How would hunger influence my dog’s response to the softness of the floor surface?

That interaction just doesn’t make any sense to me—so I decided to nix it as a possibility. (If I’d decided EF was a valid interaction, I’d need to keep factors E and F in the final model).

Could the Reward Given Affect the Dog's Reaction to the Procedure Used?

The other 2-way interaction confounded with AD was CG, the interaction between the Procedure and the Reward. Here’s what the interaction of those two factors looks like:

interaction plot 2

This interaction seems more plausible.

After the dog sits first and gets a dry biscuit, she may not be as motivated to lay down afterwards as she is when she gets the fresh ham after sitting first.

“A crummy old dry biscuit? Why, that’s hardly worth the extra effort!” she might think.

But when a reward of fresh ham is used, both procedures have a similar effect.

So both interactions AD and CE are  plausible—and the final model accommodates both of them.

If I wanted to delineate the effects of these two interactions more clearly, I could perform a follow-up experiment with the 4 factors in the reduced model, using  a design that doesn't confound AD and CE.

The Last Step: Checking Assumptions

In the first post of this 3-part series, I mentioned that my doggy DOE screening experiment was meant to be an illustrative example, rather than a bona fide DOE application.

Why? Because in a real DOE experiment, an important assumption is that each run in your experiment is independent. Because I measured the response of the same dog in each run, the runs in my experiment are dependent.

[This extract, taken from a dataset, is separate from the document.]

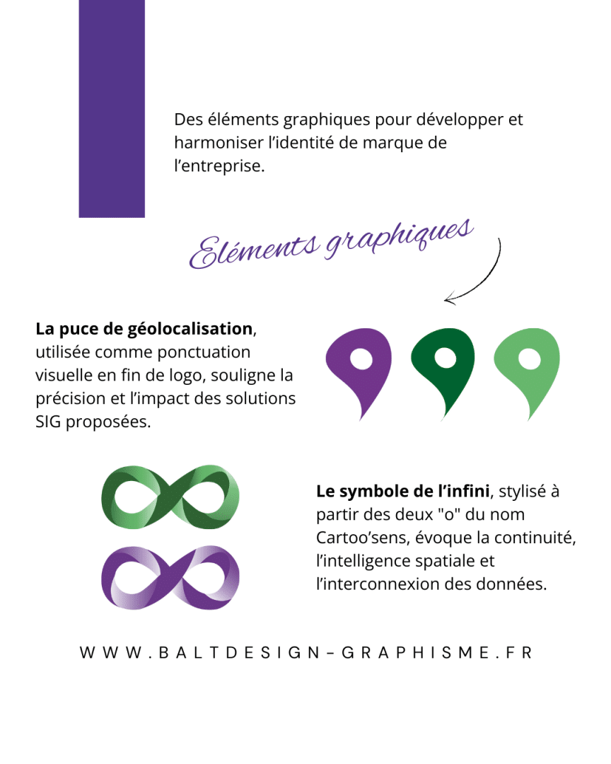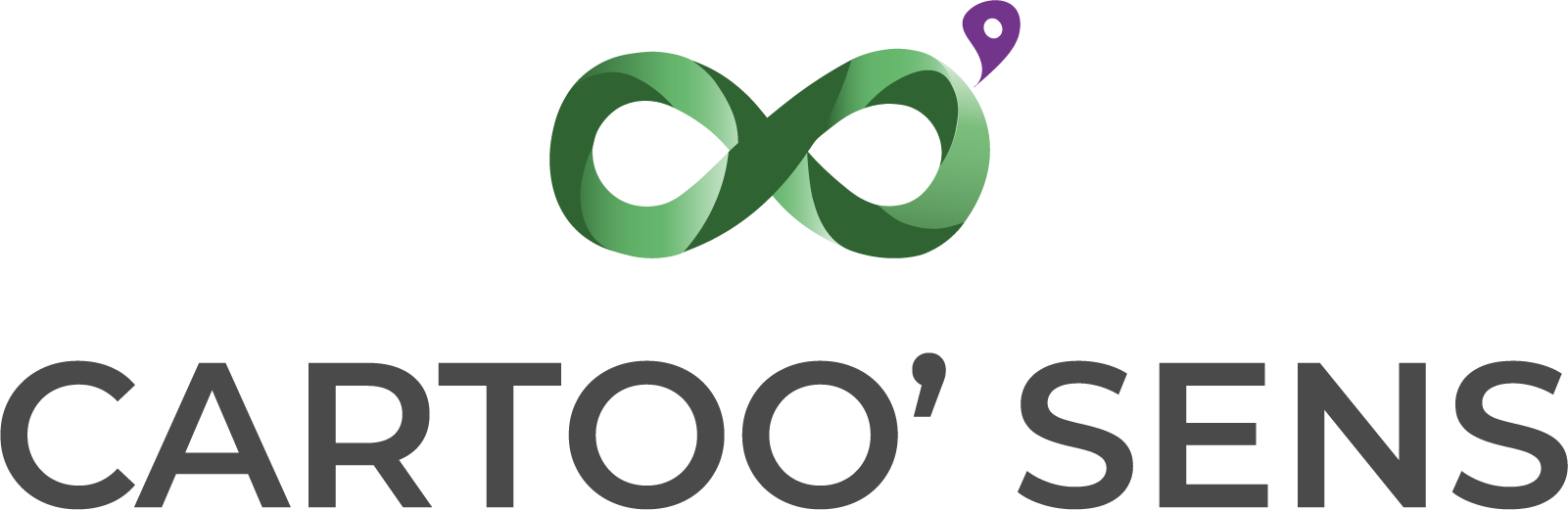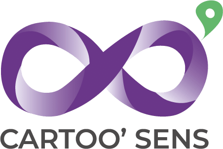 Le symbole de l’infini, stylisé à partir des deux « o » du nom Cartoo’sens, évoque la continuité, l’intelligence spatiale et l’interconnexion des données.

To make the runs independent, I'd need to randomly sample from a population of dogs, and then perform each run on a different dog. (You'd use a similar technique to conduct a DOE experiment to evaluate customer response, by randomly sampling customers).

That being the case, I fully expected see a run order effect in my experiment, as my dog began to respond more quickly to the Lay Down command with each run. But that didn't seem to happen:

residual plots

Which just goes to show that you can't teach an old, lazy dog new tricks.  At least, not without a fridge full of fresh, honey-cured ham.